Gracefully Stopping Ecs Container
Solution 1:
ECS by default sends a SIGTERM:
StopTask
Stops a running task.
When
StopTask
is called on a task, the equivalent of docker stop is issued to the containers running in the task. This results in a SIGTERM and a default 30-second timeout, after which SIGKILL is sent and the containers are forcibly stopped. If the container handles the SIGTERM gracefully and exits within 30 seconds from receiving it, no SIGKILL is sent.Note
The default 30-second timeout can be configured on the Amazon ECS container agent with the ECS_CONTAINER_STOP_TIMEOUT variable. For more information, see Amazon ECS Container Agent Configuration in the Amazon Elastic Container Service Developer Guide.

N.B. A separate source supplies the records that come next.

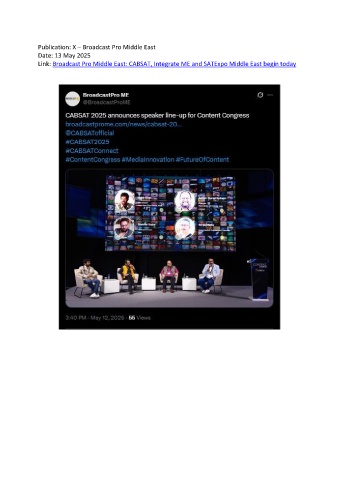 Publication: X – Broadcast Pro Middle East Date: 13 May 2025 Link: Broadcast Pro Middle East: CABSAT, Integrate ME and SATExpo Middle East begin today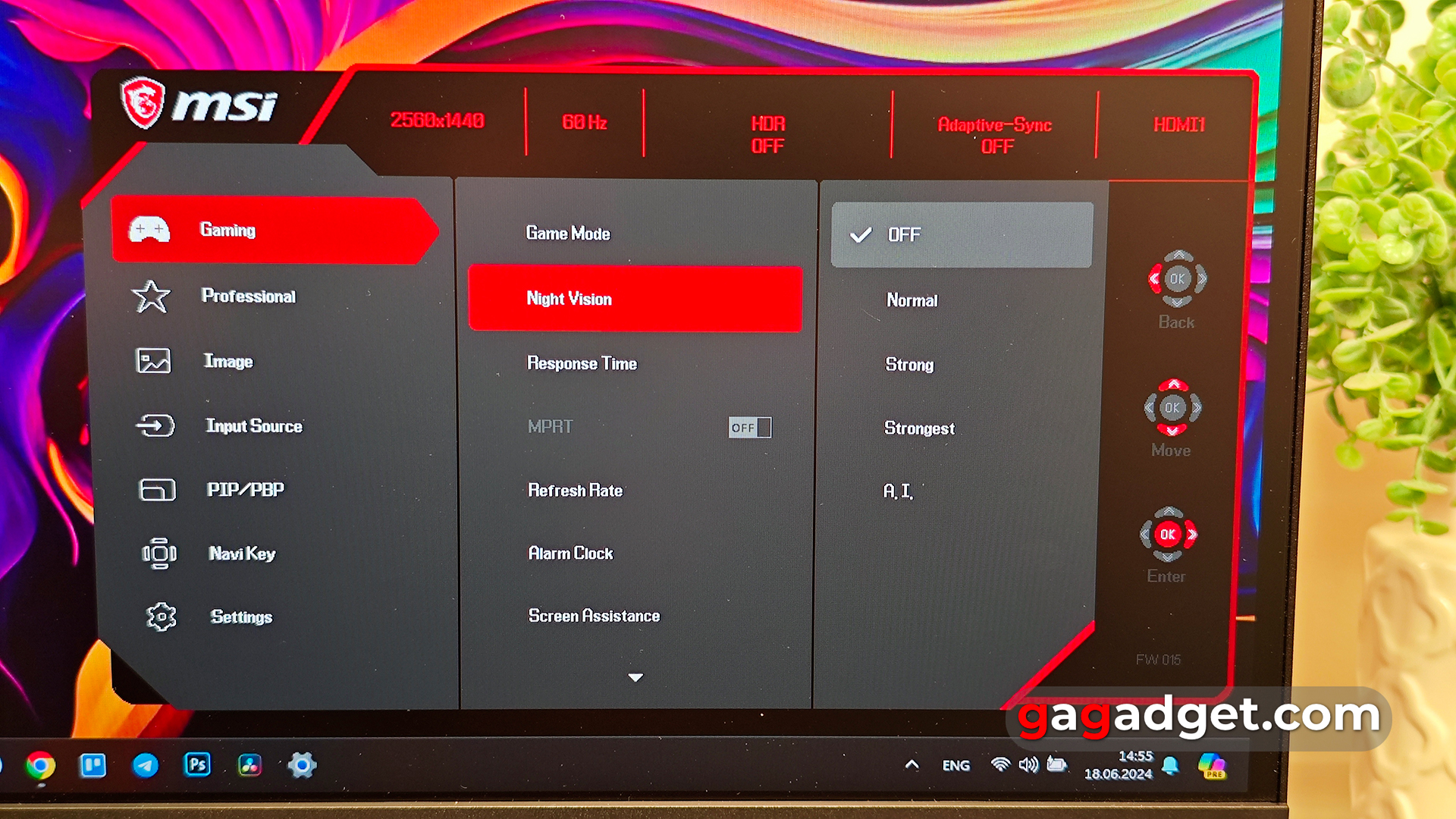 MSI G274QPF E2 menú de la pantalla es bastante familiar y conveniente. Todos los ajustes se dividen en varias secciones. En la primera sección Gaming hay una selección de modos de vídeo, Visión nocturna (retroiluminación de las partes oscuras de la imagen), Sincronización adaptativa, overclocking de matriz (Tiempo de respuesta), contador de velocidad de fotogramas en pantalla, etc. En la sección Profesional hay modos adicionales de visualización del color, reducción del azul, función de mejora de la imagen y selección de la gama de colores de la pantalla. La sección Imagen se encarga del ajuste manual del brillo, el contraste y la temperatura de color. La sección Fuente de entrada se encarga de seleccionar la fuente de señal: hay conmutación automática o manual. PIP/PBP - ajuste de los modos de imagen en imagen. Navi Key - ajuste de las funciones rápidas al desviar el joystick. Ajustes - ajustes del sistema: idioma y transparencia de los menús, ajustes de los indicadores LED, retroiluminación, HDMI CEC, ajustes de reinicio, etc.
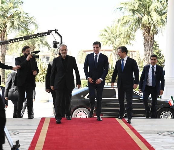 وقال المصدر"، إن "رئيس إقليم كردستان نيجيرفان بارزاني كان في استقبال الرئيس الإيراني مسعود بزشكيان".
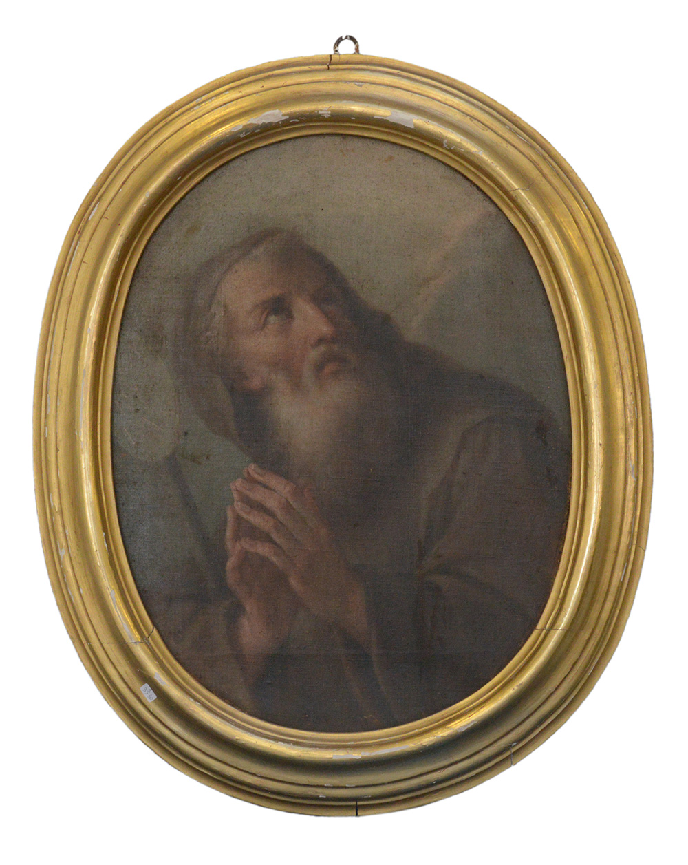 Ignoto del secolo XVIII "Sant'Antonio" olio su tela ovale (cm 60x48) in cornice dorata (difetti e restauri)

Knowing this, you can add a simple check in your app to catch the SIGTERM, and react appropriately.
Solution 2:
Two ways to achieve a graceful stop in Docker:
Using docker stop
When issuing a docker stop
command to a container, Docker fires a SIGTERM
signal to the process inside the container, and waits for 10 seconds before cleaning up the container.
You can specify the timeout other than 10s:
docker stop --time30 <CONTAINER>
You need to ensure that the process handles the SIGTERM
signal properly. Otherwise it will be rudely killed by a SIGKILL
signal.
Using docker kill
By default the docker kill
command sends a SIGKILL
signal to the process. But you can specify another signal to be used:
docker kill --signal SIGQUIT <CONTAINER>
Also ensure that the process handles the specified signal properly. Worse than docker stop
, the docker kill
command does not have a timeout behavior.